The spotted giant flying squirrel has a head-and-body length of about 29.5-40 cm, tail length of 34-40.5 cm and weighs 760-1560 g. This makes it a large species of flying squirrel, but the smallest giant flying squirrel in its range.

The underparts are light orange-brown to pale rufous, but especially the colour of the head, upperparts and tail vary considerably depending on subspecies. The first group of subspecies has a black tail with only the base rufous-brown. In P. e. punctata of the Thai-Malay Peninsula, the head and upperparts are rufous-brown, somewhat darker on the midback. The upperparts from the top of the head and shoulders to the rump have many relatively large white spots, although on occasion they are more restricted. P. e. banksi of highlands of northern Borneo is similar, except that its upper head, nape and back are black, resulting in a clear contrast with the rich rufous-brown flanks and tail base. It has white spots above as in P. e. punctata, but these can be absent in young. The Sumatran P. e. sumatrana resembles P. e. punctata, but has fewer white spots that mostly are distributed on the mid-back. The Javan P. e. elegans and P. e. slamatensis (the latter likely is a synonym of the former) resemble P. e. banksi, but the upperparts often are more grizzled-black and white spots can be entirely absent.

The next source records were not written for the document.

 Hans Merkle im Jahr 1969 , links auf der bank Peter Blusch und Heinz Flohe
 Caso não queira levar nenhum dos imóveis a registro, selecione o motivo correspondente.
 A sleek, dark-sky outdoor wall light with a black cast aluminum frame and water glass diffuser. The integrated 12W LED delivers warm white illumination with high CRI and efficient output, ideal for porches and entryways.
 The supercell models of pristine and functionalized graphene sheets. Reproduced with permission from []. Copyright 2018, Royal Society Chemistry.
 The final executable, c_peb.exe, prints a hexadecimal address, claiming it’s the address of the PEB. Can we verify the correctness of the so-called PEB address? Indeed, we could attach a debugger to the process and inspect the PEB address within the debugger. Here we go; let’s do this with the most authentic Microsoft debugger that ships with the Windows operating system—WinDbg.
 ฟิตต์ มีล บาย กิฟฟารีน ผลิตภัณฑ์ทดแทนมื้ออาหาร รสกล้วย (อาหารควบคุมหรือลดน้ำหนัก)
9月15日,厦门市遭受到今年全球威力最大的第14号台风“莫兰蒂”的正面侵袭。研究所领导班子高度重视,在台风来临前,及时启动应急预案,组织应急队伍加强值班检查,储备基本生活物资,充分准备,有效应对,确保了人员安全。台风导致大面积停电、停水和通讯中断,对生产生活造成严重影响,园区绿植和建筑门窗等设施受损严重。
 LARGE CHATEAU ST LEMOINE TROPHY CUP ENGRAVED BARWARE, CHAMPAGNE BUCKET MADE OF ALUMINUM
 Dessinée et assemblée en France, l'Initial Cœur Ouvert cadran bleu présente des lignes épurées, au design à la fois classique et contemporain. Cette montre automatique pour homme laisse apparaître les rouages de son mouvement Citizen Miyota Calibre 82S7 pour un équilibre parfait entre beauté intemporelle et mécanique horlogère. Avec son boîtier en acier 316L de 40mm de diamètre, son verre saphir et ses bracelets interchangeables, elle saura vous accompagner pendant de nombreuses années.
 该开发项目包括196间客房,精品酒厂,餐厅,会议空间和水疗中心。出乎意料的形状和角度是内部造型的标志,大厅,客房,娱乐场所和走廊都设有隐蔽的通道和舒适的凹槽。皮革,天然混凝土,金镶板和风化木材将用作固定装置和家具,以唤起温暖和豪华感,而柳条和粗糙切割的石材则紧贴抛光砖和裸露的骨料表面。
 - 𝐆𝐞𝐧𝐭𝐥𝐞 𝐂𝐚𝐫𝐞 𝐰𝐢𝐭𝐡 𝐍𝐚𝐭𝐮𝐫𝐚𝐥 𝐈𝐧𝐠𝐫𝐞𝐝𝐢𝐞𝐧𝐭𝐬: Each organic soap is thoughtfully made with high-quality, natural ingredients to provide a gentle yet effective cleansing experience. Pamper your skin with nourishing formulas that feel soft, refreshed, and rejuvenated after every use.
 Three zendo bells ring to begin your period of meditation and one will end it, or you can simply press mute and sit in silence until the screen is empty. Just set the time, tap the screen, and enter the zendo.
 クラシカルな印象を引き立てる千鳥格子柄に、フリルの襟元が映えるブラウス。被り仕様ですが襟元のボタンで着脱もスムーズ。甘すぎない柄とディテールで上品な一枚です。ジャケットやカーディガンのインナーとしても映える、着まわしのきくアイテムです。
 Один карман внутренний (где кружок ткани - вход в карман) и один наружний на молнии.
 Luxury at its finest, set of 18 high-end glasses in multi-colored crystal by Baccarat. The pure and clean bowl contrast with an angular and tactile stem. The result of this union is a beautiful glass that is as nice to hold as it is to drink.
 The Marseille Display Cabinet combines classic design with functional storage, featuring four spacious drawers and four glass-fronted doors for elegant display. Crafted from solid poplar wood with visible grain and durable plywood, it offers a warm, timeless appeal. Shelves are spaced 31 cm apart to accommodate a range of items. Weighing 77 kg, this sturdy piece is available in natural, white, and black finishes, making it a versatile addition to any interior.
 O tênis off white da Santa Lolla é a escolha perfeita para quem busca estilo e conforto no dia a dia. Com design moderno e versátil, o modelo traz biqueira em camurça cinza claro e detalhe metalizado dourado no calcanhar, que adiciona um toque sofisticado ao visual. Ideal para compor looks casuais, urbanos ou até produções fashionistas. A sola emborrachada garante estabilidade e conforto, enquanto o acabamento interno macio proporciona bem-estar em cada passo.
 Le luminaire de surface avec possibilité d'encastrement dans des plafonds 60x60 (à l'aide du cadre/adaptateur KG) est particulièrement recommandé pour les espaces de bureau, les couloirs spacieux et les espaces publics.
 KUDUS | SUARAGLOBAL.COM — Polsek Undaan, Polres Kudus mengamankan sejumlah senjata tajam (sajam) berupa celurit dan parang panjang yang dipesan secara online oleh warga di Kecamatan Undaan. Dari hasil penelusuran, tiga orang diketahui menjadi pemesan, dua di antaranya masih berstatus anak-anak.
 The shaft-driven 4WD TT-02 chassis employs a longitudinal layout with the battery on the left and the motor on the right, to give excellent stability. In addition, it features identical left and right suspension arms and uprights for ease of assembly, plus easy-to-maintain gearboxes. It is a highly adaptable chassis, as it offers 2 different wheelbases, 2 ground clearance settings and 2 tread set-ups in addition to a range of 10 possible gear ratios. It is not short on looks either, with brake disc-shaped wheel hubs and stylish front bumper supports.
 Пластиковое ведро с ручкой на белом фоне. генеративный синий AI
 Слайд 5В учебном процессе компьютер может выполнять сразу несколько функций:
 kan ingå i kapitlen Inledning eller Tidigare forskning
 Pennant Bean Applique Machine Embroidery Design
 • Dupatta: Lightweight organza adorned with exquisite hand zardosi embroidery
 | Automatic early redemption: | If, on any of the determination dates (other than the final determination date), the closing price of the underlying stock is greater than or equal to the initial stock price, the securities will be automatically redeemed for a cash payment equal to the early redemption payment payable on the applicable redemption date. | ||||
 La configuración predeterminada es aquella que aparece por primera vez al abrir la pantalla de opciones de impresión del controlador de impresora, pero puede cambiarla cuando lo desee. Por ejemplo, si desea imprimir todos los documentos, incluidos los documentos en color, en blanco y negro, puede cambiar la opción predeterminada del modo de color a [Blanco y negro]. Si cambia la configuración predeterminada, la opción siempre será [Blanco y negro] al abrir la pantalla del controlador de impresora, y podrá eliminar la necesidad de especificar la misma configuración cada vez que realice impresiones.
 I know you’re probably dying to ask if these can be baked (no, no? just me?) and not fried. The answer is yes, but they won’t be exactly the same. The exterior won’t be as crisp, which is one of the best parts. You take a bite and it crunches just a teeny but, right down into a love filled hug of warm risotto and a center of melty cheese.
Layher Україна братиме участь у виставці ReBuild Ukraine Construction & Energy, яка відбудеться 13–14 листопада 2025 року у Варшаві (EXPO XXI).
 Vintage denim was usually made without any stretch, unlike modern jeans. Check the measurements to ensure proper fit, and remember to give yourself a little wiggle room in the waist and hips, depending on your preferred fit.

The second group of subspecies has an entirely (P. e. marica and P. e. sybilla) or mostly (P. e. caniceps) orangish-brown or reddish-brown tail. P. e. marica from Mainland Southeast Asia (except the Thai-Malay Peninsula) and southern Yunnan and westernmost Guangxi in China is lighter brown above than P. e. punctata and has less white spots that mostly are distributed on the top of the head to the central back. P. e. sybilla of northern Myanmar, southern Sichuan and Yunnan in China and easternmost Arunachal Pradesh in India is orangish-brown or reddish-brown above with a slightly more grey-brown back that completely lacks white spots. The final subspecies, P. e. caniceps from Uttarakhand in India and Nepal to Arunachal Pradesh in India and southern Xizang, Guizhou and Sichuan in China, has a body-colouration similar to P. e. sybilla and also lacks white spots, but is unique in its black tail-tip and all grey head, except for a white throat and an orange-brown ring around each eye.